It's rather ironic that Amazon's Mechanical Turk was slammed by scam scripts over the turkey day weekend. For those that haven't hear about it yet, Mechanical Turk is an odd service that pays pennies apiece for tiny odd-jobs. The current popular task is just choosing an image from a set that will match a yellow pages address, with the hopes of matching a particular storefront to it's corresponding address. Fairly simple and low paying, right? It may have been at first. Shortly after it's appearance on /. and several other link sites, some enterprising individuals hit upon an idea to increase the efficiency by using greasemonkey scripts to lay out the images in half-sized thumbnails and zoom with a mouseover. Add a routine to make your answer one click away and, suddenly, fifty dollars per hour was a real possibility. Then came those other script writers. The unscrupulous ones. Amazon immediately instituted an anti 'bot' method of selecting 'none of the above' (the most common answer so far) and they were laid to rest. For a while. Over the holiday weekend, however, one of these script writing types threw caution to the wind and slammed over 300,000 random HITs (submissions, Human Intelligence Tasks) using up the available pool and grinding what was, to some, a fairly profitable gig. Whether or not it returns after such a meeting with at least one of the unscrupulous profiteers remains to be seen.

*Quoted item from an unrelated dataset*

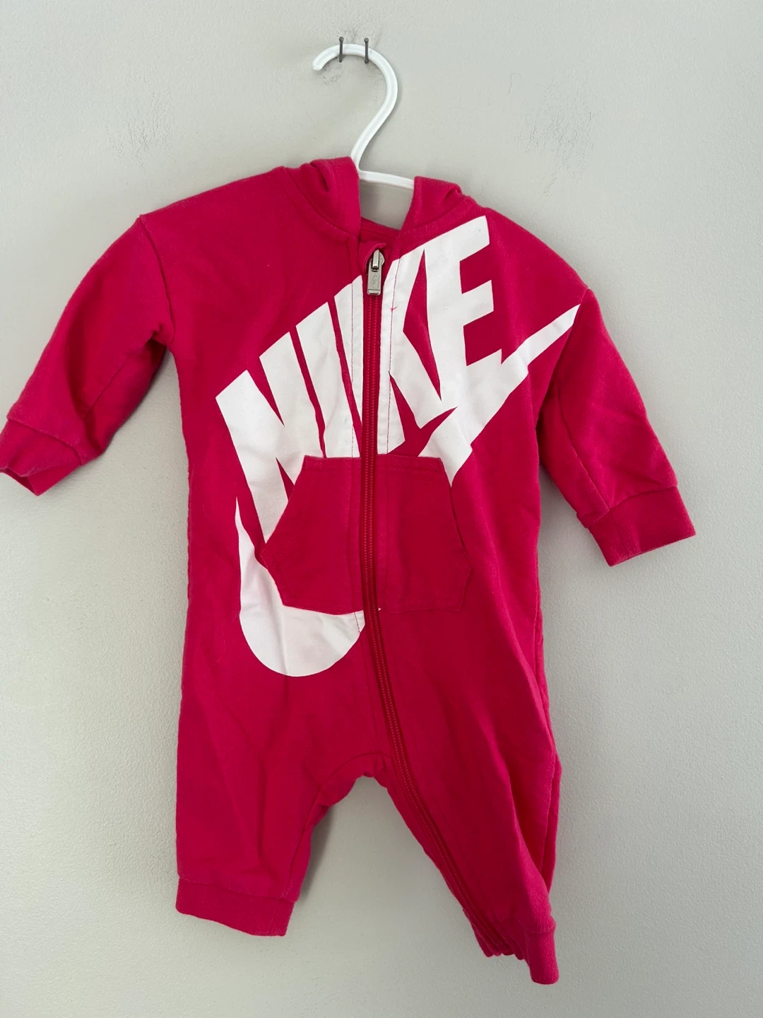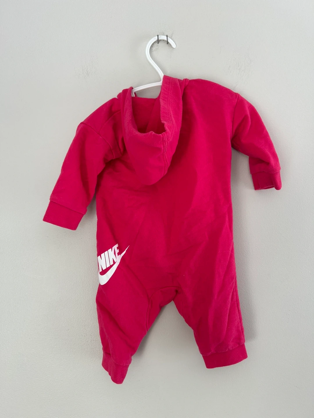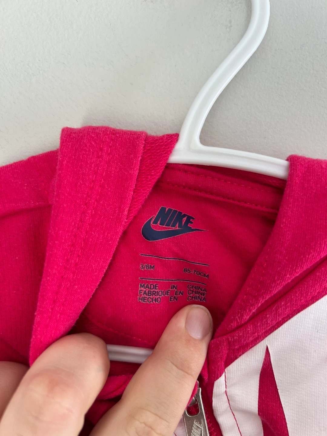 Nike brand. Zip up hooded sweater romper. Pink with white logo. Size 3/6m. Brand new condition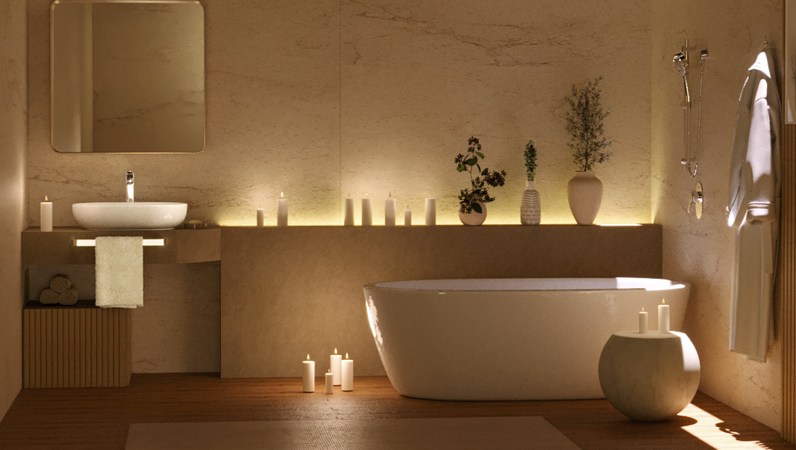 Ahora que tienes los elementos adecuados, toca crear un entorno ideal para disfrutar de un baño relajante en tu casa. Crea un espacio fresco, con un aspecto acogedor y que te haga sentir desconectado del mundo exterior:

Oh, it's still up as a site, with some very low paying gigs available for the desperate but the cash cow (the A9 blockviews) for most users is conspicuously absent as is any information from Amazon itself. Not entirely unexpected, but then you can imagine that the blockviews were probably the reason the Mech Turk sprang forth from the depths of a focus group somewhere deep in the bowels of Amazon. It probably went something like this: #1 "Wouldn't it be cool if you could see a picture of a yellow pages listing when you were searching?" #2 "Yeah, but most places wouldn't bother sending us shit and it'd cost more than we're worth to hire that many photographers" #7 "So, stick a camera on a truck and drive around!" A few months later..... #1 "Fuck, how do we tag these pictures?? There's tons of them!" #2 "We could out-source to India." #3 "Call centers are kind of expensive, even there. The PC's alone....." #7 "Get a bunch of lazy web surfers to do it online, don't pay crap for each store to motivate them or something. There's plenty of cash-starved internet junkies right here in our backyard and they already have the computers!" #5 (Back from a long weekend of drinking) "Maybe we could farm out those product descriptions I've been working on, too." And so, the Turk was born.
7/6/2006 - Since the long gone days of Amazon sponsored projects, the Mechanical turk has become a barren wasteland filled with spammy HITS and 1 cent questionaires. The inevitable outcome.